The president, governor and legislatures have all been working to get financial relief from gas prices to Americans. The problem is, they haven’t decided how to do that.
Earlier this year, California Governor Gavin Newsom pledged to use some of the state's nearly $100 billion budget surplus to issue gas rebates. Distribution of those rebates is where the problem arises. The governor wants to give $400 debit cards to vehicle owners.
However, the Democratic legislature’s rebuttal was to revert to pandemic-like relief checks - $200 if you make less than $125,000 with a dual-income cap at $250,000.
They have yet to come to an agreement.
Assembly Speaker Anthony Rendon told CAL MATTERS the two sides had a “long, long weekend” of negotiations and “certainly made progress.” He said Californians can “certainly” expect to see something in the form of a gas rebate before October.
But many Californians are crossing their fingers, unsure if they’ll see that money at all.
"Like I said, I don't think I, myself, is gonna see that money and that’s not gonna solve the problem," said Lindsay Cox, California resident.
On the federal side of things, President Joe Biden called on Congress Wednesday afternoon to drop the federal gas tax.
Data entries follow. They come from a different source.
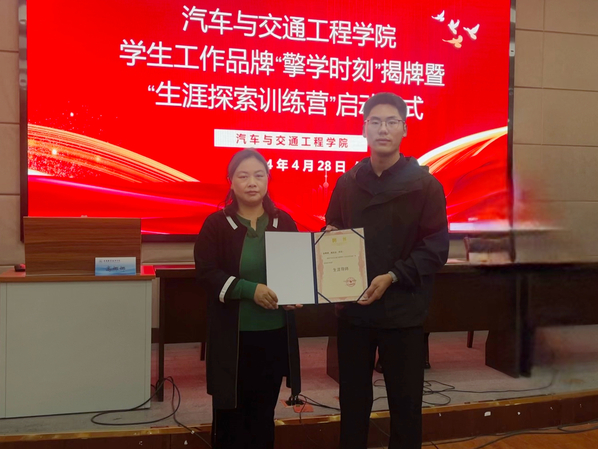 为进一步激发学生成长成才的内生动力,增强大学生职业生涯规划素养,4月26日下午,汽车与交通工程学院在国际交流中心二楼报告厅开展了学工品牌“擎学时刻”揭牌暨“生涯探索训练营”启动仪式。副校长强伟纲、汽车学院党总支书记张美娟、副书记刘雄、优秀校友郭祥龙、辅导员及近70余名学生代表参加了本次活动。
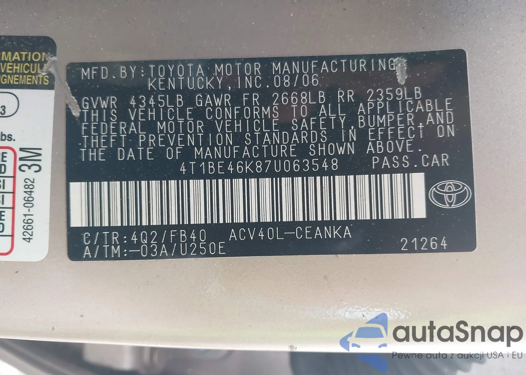 Toyota Camry 2007 – Historia pojazdu (sprzedany na IAAI)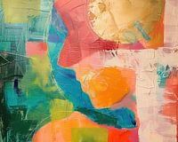 Details: abstract, kunst, goud, roze, groen, blauw, moderne kunst, kleurrijk, schilderij

He also spoke directly to states.
"The second act I'm taking is calling on states to either suspend the state's gas tax as well or find other ways to deliver relief. States' gas tax average 30 cents a gallon," the president said.
In California, that's 50 cents.
If the suspension does happen, some experts say relief could be swift and significant.
“We could start seeing relief three to five days after these laws become effective, if they do. So it could be fairly swift. And if you total the two up, it could basically bring up to 90 cents of relief, potentially slightly more if oil prices continue falling,” explained Patrick De Haan, Head of Petroleum Analysis at Gasbuddy.
California's state gas tax is 51 cents, the federal one is 18 cents, and sales tax is 12 cents. Add in a couple of other costs and Californians are paying $1.30 a gallon just in taxes and fees.
No major decisions have been made yet but for California, it could be soon. Governor Newsom has to sign off on the state's budget plan by the end of this month, meaning lawmakers need to make a decision on gas relief money by then.